Object, Building Stone, Dimension Stone, Dressed Stone
Transportation, Carriage, Buckboard
Image, Photograph, Negative
As you can see, Common Vocabulary terms are typically much simpler and easier to read than Nomenclature terms. In fact, approximately 95% of Common Vocabulary terms have four or fewer levels in their hierarchy. Only about 5% have five levels and none have six.
Leaf¶
Leaf means the words at the deepest level in a hierarchy. In examples in both sections above,
the leaf words are: Dressed Stone
, Buckboard
, and Negative
.
The CVT preserves Nomenclature leaf words to ensure that they are the same as, and can be
matched with, the same leaf words used in other collection software, like PastPerfect,
that uses Nomenclature.
Nomenclature 4.0 supports leaf words in both inverted and natural order. Examples of each follow.
Inverted Order | Natural Order |
---|---|
Negative, Glass Plate | Glass Plate Negative |
Negative, Roll File | Roll Film Negative |
Negative, Sheet Film | Sheet Film Negative |
The Common Vocabulary uses natural order because it's easier to read.
Important
Commas are not allowed in Common Vocabulary leaf words because
comma is reserved as a hierarchy level indicator. This is particularly
important in place names where comma is a commonly used separator.
So for example, in the Common Vocabulary use Bangor ME
as the leaf,
not Bangor, ME
.
Tail¶
Tail is a CVT term used in the translation rules. The tail consists of a Nomenclature term's Primary, Secondary, and Tertiary parts, if all three exist. If a term has no Tertiary part, the tail consists of the Primary and Secondary parts. If a term has no Secondary part, the tail is just the Primary part. Some higher level terms have no Primary part, but still have a leaf which is either the Sub Class or Class part. In those cases, the tail and the leaf are the same.
Translation rationale¶
The purpose of the Common Vocabulary is to fulfil the need for a rich, practical, and easy to read set of vocabulary terms that archivists can use in cataloging collections which not only contain physical objects like those found in museums, but also contain items about people, places, structures, events, and organizations.
Nomenclature has thousands of terms for naming human-made objects, but none for things like plants or animals, businesses or organizations, or places like towns and villages.
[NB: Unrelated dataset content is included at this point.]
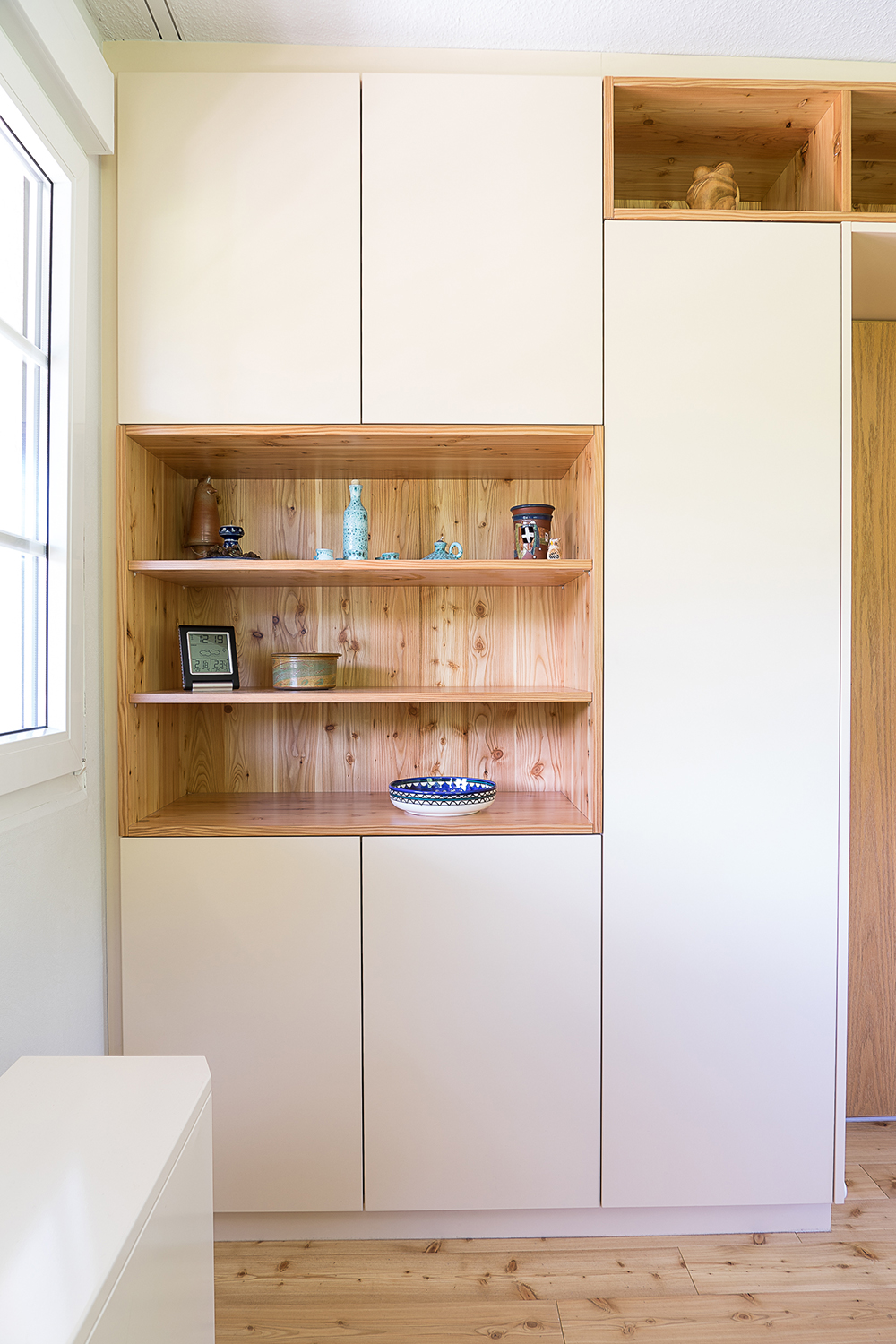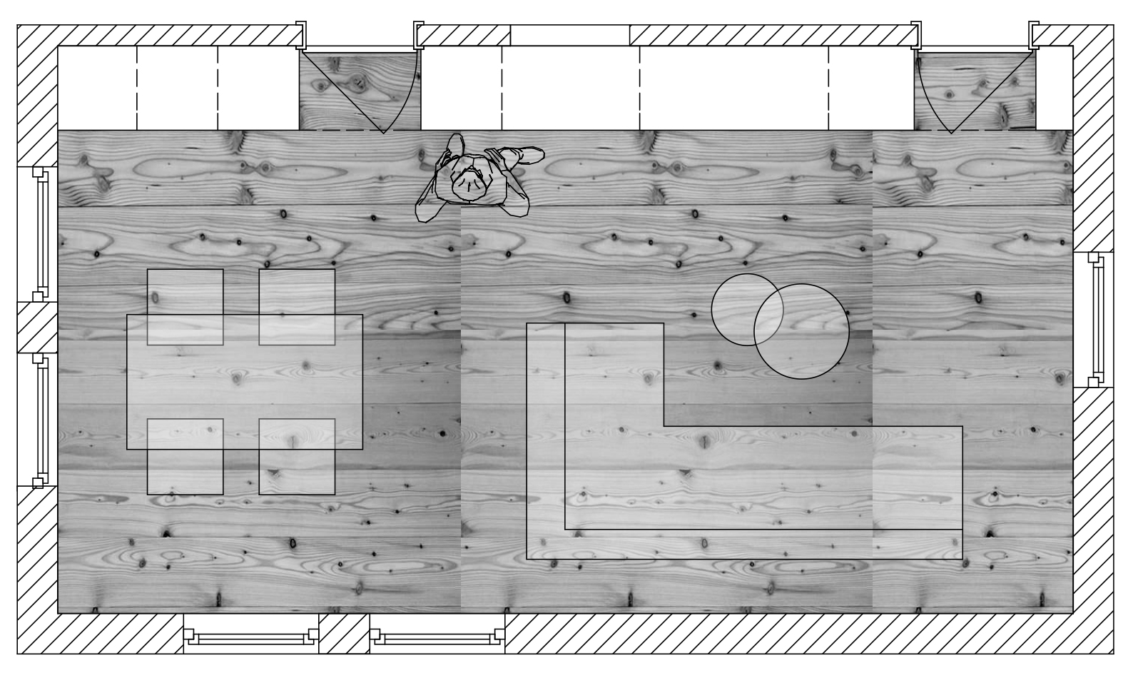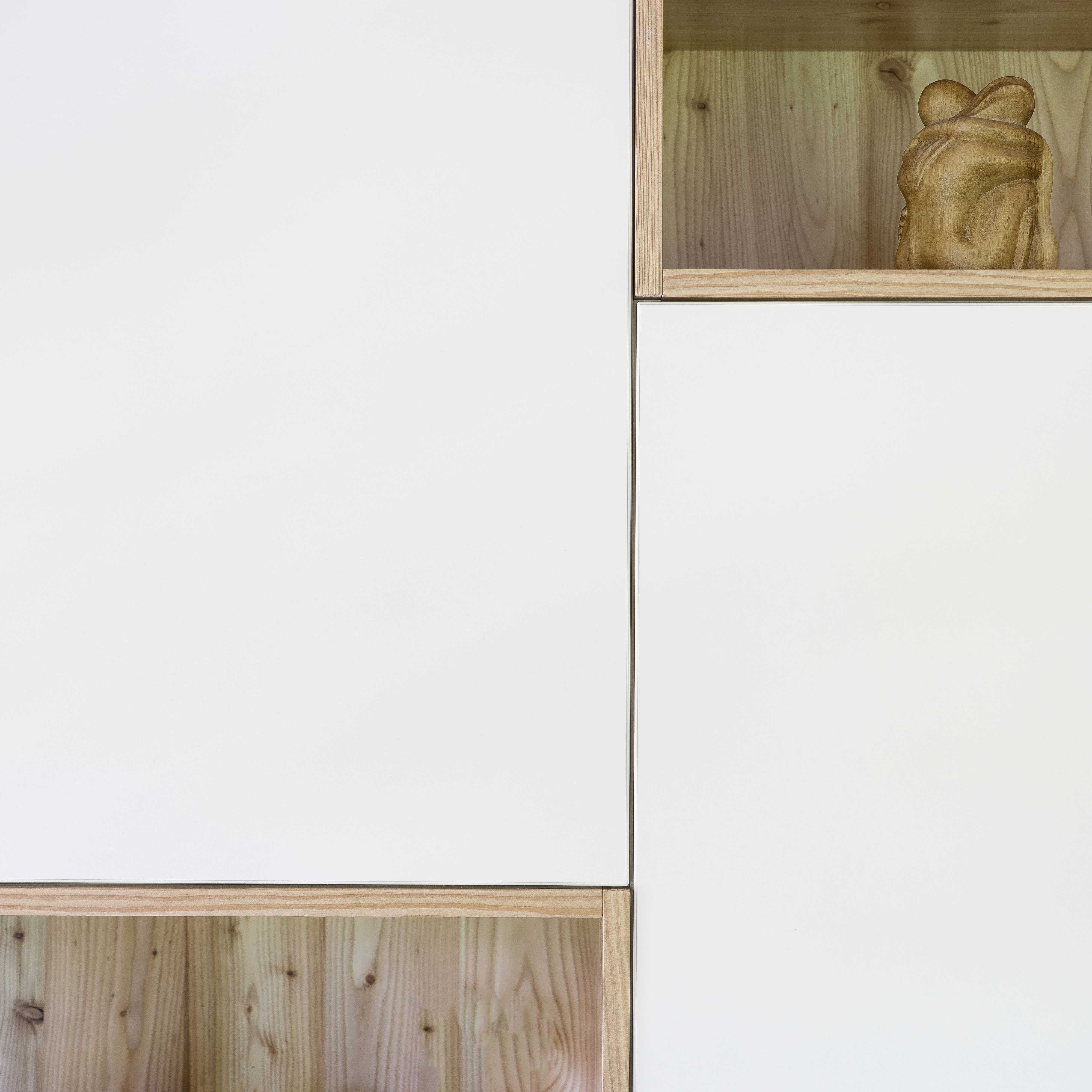 Ein kleines Ferienhaus: Flur, Bad, Küche, Schlafzimmer - jedes Zimmer groß genug, um sich einmal um die eigene Achse zu drehen, da bleibt nur noch das Wohnzimmer um genügend Stauraum zu schaffen. Damit nicht alles mit Möbeln zugestellt wird und erdrückend wirkt, wird eine Wand (optisch) durch einen Schrank ersetzt. Alle Gegebenheiten der dahinterliegenden Wand werden auf den Schrank übertragen: Durchgänge, Durchreiche, TV-Anschluss/Position,...und automatisch entsteht eine funktionale und dekorative Wohnwand.

Object names alone are not sufficient for cataloging many Digital Archive items, especially Reference Items which serve as stand-ins for real-world entities like people, boats, and houses.
While Nomenclature by itself does not fill the need, it does provide the hierarchical organization, and most of the leaf words, used by the Common Vocabulary.
The rationale for how Nomenclature gets translated to Common Vocabulary, is provided in the following sections.
Common Vocabulary Type and Subject¶
Before continuing, it is important to explain the proper use of, Type and Subject. Note that throughout this documentation, when the words Type and Subject appear in small caps, they refer to an item's Type and Subject metadata fields.
Every item must have a Type – there are no exceptions.
Every item must also have a Subject except in certain cases
which are explained below. The Subject is required to further classify the Type. For
example, an item of Type Image, Photograph
must have a Subject to
indicate the nature of the picture since Photograph
alone is too vague. For example, the subject of a
photograph could be People
to indicate that it's a photo of humans.
When a Subject is optional¶
When an item's Type begins with Object
, a Subject is not required, meaning that you can
save the item without choosing a Subject. For example, an item with Type Object, Cup, Teacup
needs no further classification and requires no Subject. However, the Type
Object, Art, Sculpture, Carving
is vague and so a Subject likeNature, Animals, Birds
is recommended.
When a Subject is required, but not needed¶
The rule that a Subject is required unless the Type begins with Object
works well in general,
but there are some non-object types that are self-evident and don't need a Subject.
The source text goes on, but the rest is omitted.